Adobe: Zero-day attacks targeting Flash Player hole
An unpatched Flash Player vulnerability is being targeted in attacks on Windows-based computers, Adobe says.
Adobe today warned of a critical hole in Flash Player that is being exploited in the wild to take control of computers or cause them to crash.
"There are reports that this vulnerability is being exploited in the wild in targeted attacks via a Flash (.swf) file embedded in a Microsoft Word (.doc) file delivered as an email attachment, targeting the Windows platform," the company said in an advisory. "At this time, Adobe is not aware of any attacks via PDF targeting Adobe Reader and Acrobat. Adobe Reader X Protected Mode mitigations would prevent an exploit of this kind from executing."

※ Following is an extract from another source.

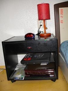 Small black T.V. table on wheels with one drawer and storage underneath. I have used this as a bed side table for a lamp and alarm clock. 10,000Won or best offer
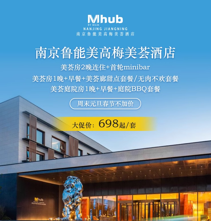 南京鲁能美高梅美荟酒店1-2晚含早=券后648元起(全程不加价)

Adobe said it is "finalizing a schedule" for releasing updates for Flash Player 10.2.x and earlier versions for Windows, Macintosh, Linux, Solaris and Android, Adobe Acrobat X (10.0.2) and earlier 10.x and 9.x versions for Windows and Macintosh, Adobe Reader X (10.0.2) for Macintosh, and Adobe Reader 9.4.3 and earlier 9.x versions for Windows and Macintosh.

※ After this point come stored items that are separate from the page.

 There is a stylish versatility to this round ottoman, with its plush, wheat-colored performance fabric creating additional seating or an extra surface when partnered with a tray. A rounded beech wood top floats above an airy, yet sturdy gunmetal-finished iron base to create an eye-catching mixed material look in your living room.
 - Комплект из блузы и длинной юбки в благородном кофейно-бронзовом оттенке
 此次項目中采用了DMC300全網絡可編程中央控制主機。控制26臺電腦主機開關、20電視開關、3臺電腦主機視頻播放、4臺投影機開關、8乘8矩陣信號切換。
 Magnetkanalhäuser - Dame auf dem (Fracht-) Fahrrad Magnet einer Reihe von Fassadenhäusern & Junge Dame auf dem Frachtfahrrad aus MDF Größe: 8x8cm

Since Adobe Reader X Protected Mode would prevent an exploit of this kind from executing, the company said it will address the issue in Adobe Reader X for Windows with the next quarterly security update, scheduled for June 14.
Last month, Adobe fixed a different critical vulnerability in Flash Player that affects Adobe Reader and Acrobat and which reportedly had been exploited in attacks via Flash files embedded in Excel files distributed via e-mail. Attackers exploited that hole to target employees at RSA and get access to data related to the SecurID authentication tokens, prompting RSA to warn customers that their systems may be weakened as a result.